* Work required *
Below are some records. Output the lines from the first one through the line that holds "Maternal sister of", exactly as written, with no pictures.

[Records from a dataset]

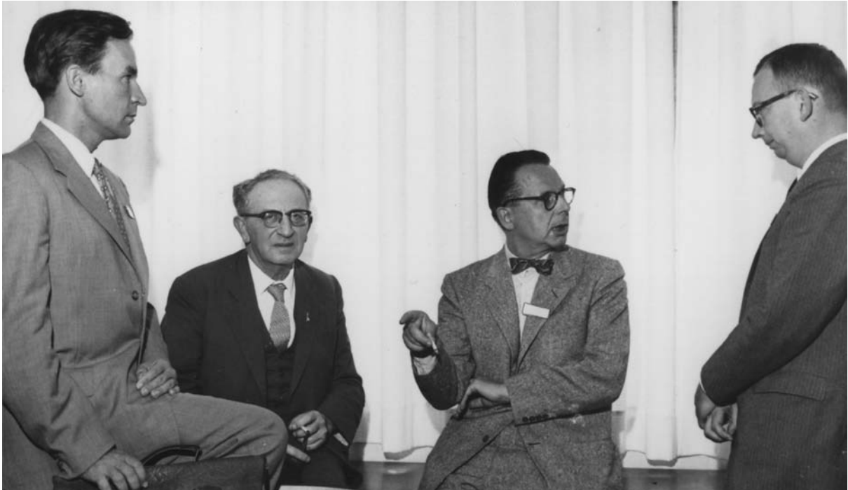
Figure 1.10 Ahlfors taking a break at a mathematics meeting.

everything in my system runs better! Sometimes, of course, when one gets an idea, it's not very good; but one has to take the bad with the good.
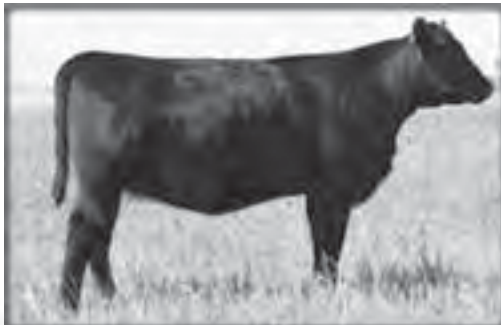
Maternal sister of Lot 11, B Pride 613 of Mc Cumber.

His dam has produced one other son that sold to Rustin Smith, and is working successfully in the desert country of Nevada. Her only daughter sold as a sale feature of our 2006 Female sale to Gary Leibrand in MT for $5250 as a weaned heifer calf. B Pride 404 is in our opinion near ideal in type. She is moderate framed, thick from end to end, high volume, and has a near perfect udder. She maintains her condition extremely well and has an excellent disposition. 8102 puts together an appealing body type with an outstanding maternal heritage, top notch performance, and a super disposition.
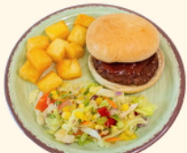
(vg) Plant Power Burger (G)
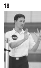
18 Delay of service
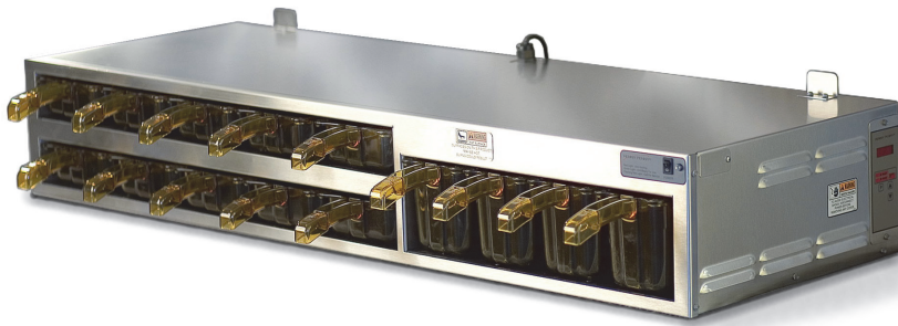
MPC 554 multi-drawer, multi-purpose holding cabinet

Henny Penny multi-purpose holding cabinets are ideal for keeping small quantities of hot menu items safe, appetizing and ready for immediate serving or packing.
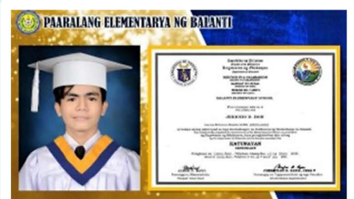
Jericho D. Bon Balanti Elementary School, Cainta, Rizal
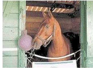
Funny Cide
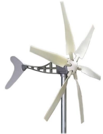
TPW-400DT 400W Wind Turbine
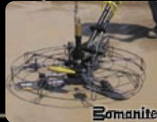
Madera, CA, USA Bomanite Color Hardeners
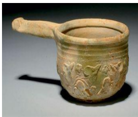
Figure 6. Roman pottery
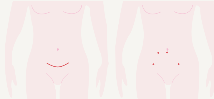
Open Myomectomy Incision

A common alternative to hysterectomy is myomectomy — or surgical removal of uterine fibroids. This procedure preserves the uterus, and may be recommended for women who could become pregnant. Myomectomy is often performed through a large abdominal incision. After removing each fibroid, the surgeon carefully repairs the uterus, to minimize potential bleeding, infection and scarring. Proper repair of the uterus is critical to reducing the risk of uterine rupture during pregnancy.
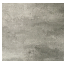
10. Silver Knight NVC3744*
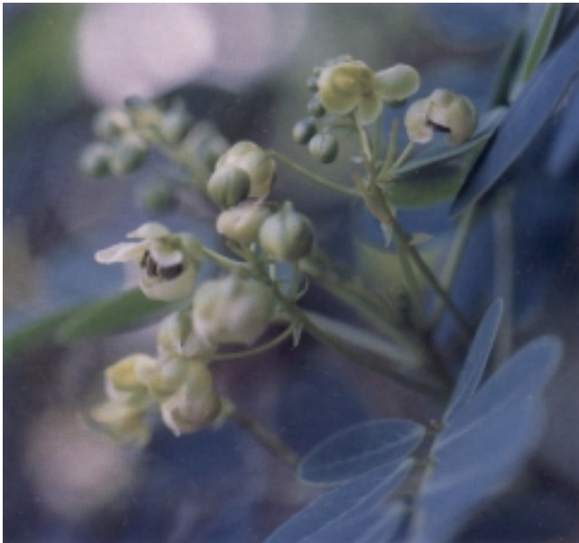
This green-flowered, native shrub, kolomona ( Senna gaudichaudii ), is drought tolerant and can be used as a hedge, specimen planting, or potted plant.

Landscape uses. Kolomona makes an attractive, sprawling shrub for the landscape. It is quite drought tolerant and is a good candidate for the xeriphytic garden. It can also be grown in a large pot and placed in a sunny location. Its close pan-tropical relative, Senna surratensis
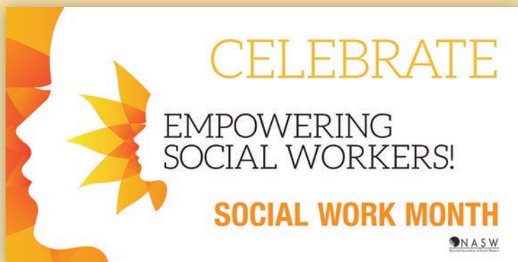
Banner, SW101 $79.95
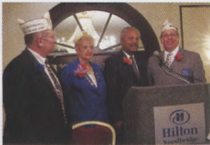
Host a Legislative Breakfast Page 8
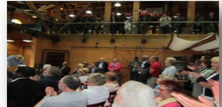
Center for ecology and Urban agriculture in Gatineau
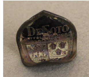
Most Unusual Arnie Steiner
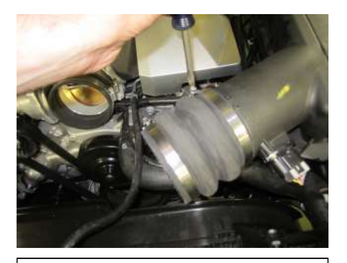
d. Install the hump hose (5-1090) with the two supplied hose clamps (9464) onto the air box inlet. Note: Some mild soap and water mixture may be used to ease installation \, .
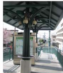
Closed Circuit TV Cameras for Security
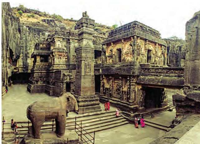
Kailasa Temple, Verul

‘Cultural and Natural Heritage Management’ is one of the main aspects of applied history. The work of conservation and preservation of the Cultural Heritage falls under the jurisdiction of the Archaeological Survey of India and India’s State Departments of Archaeology. Beside, INTACH (Indian National Trust for Art and Cultural Heritage) is actively working in this field. The work of conservation and preservation of cultural and natural heritage requires participation of experts from various fields. They need to be duly aware of the cultural, social and political histories of the heritage site. Principles of applied history are useful in creating the awareness among them. Thus,
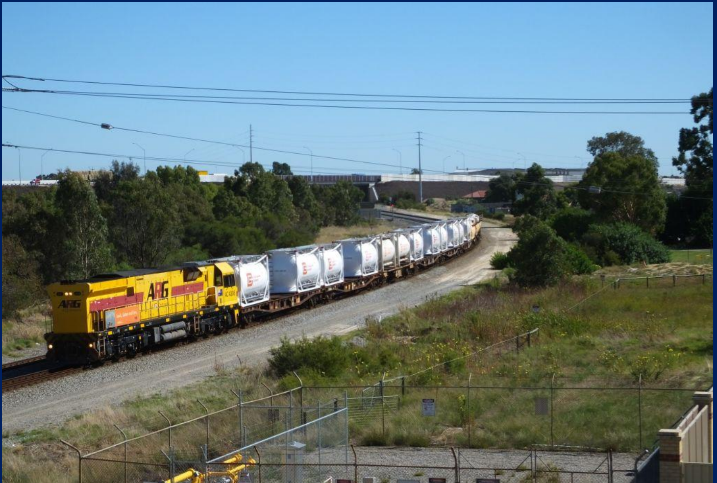
AC4308 load trial on 6194 Soundcem shunter note mainly containers Wattle Grove 24/2.
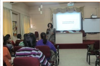
7th Days Skill Enhancement Programme
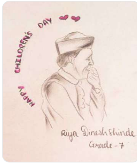
Submitted by Riya Shinde Class 7
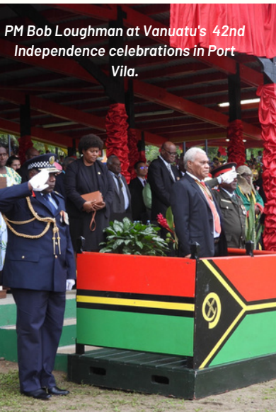
PM Bob Loughman at Vanuatu's 42nd Independence celebrations in Port Vila.
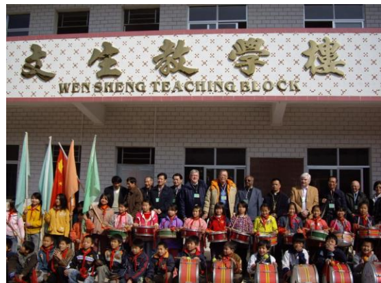
Wen Sheng (Vincent) Teaching Block
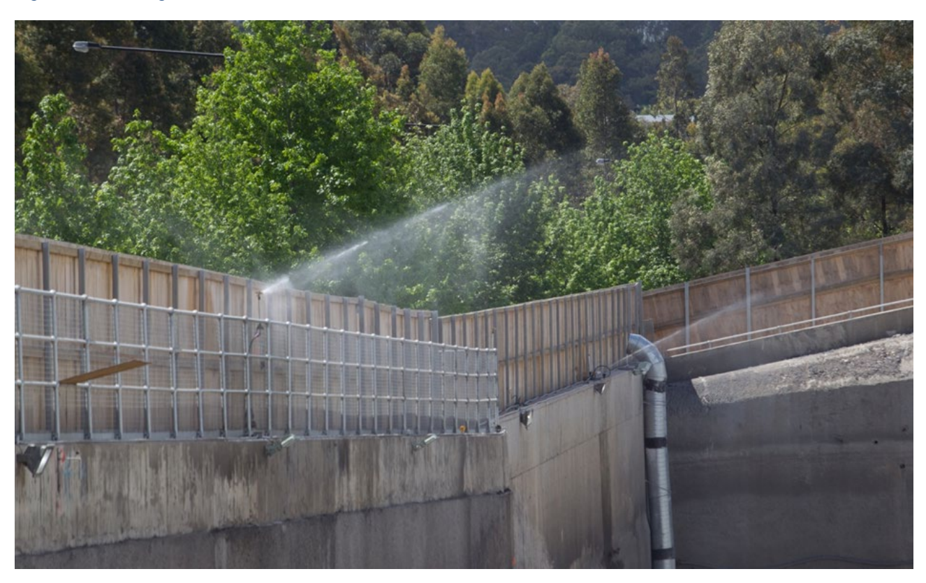
Figure 8 Dust Mitigation at Northwest Station Site
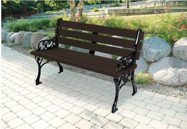
Size of Bench, color will be cedar

Benches are a permanent and lasting way to memorialize a loved one. They offer a place of quiet reflection for many years.
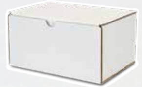
Temporary Cardboard (included in package price)

*** None of our packaged plans include the charges of other parties that may be involved such cemetery fees, church, clergy, musician, and vocalist honorariums, paid obituary charges of the newspaper, certified copies of the death certificate, and state sales tax, unless specified. ***
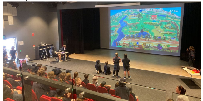
Spectators enjoyed the competition by cheering on their friends and year levels.
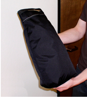
Light Weight Travel-Cover Mini-Storage Bag: 18" x 6" x 4"

The material is very reflective, and tests show that the cabin interior temperature can be reduced to near-ambient temperature on the hottest of days. It is water, ice and snow repellent, yet breathable to allow moisture to escape from between the cover and the aircraft surface.
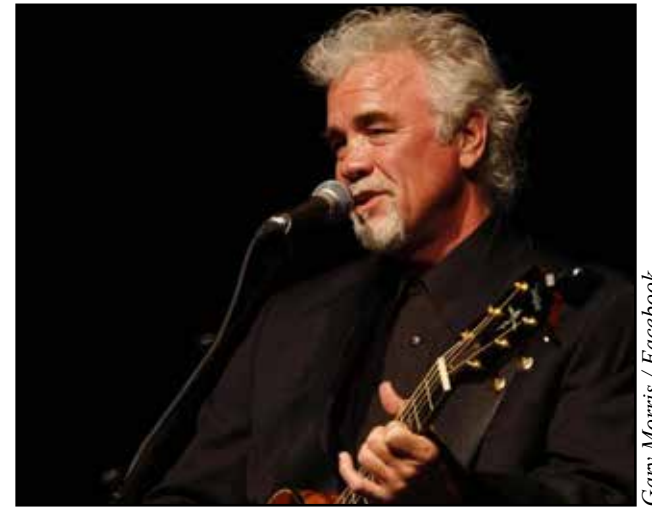
Gary Morris / Facebook

Additional Broadway roles include Rodolfo in the production of Puccini’s opera “La Bohème” with Linda Ronstadt.

* Answer section *
Figure 1.10 Ahlfors taking a break at a mathematics meeting.

everything in my system runs better! Sometimes, of course, when one gets an idea, it's not very good; but one has to take the bad with the good.
Maternal sister of Lot 11, B Pride 613 of Mc Cumber.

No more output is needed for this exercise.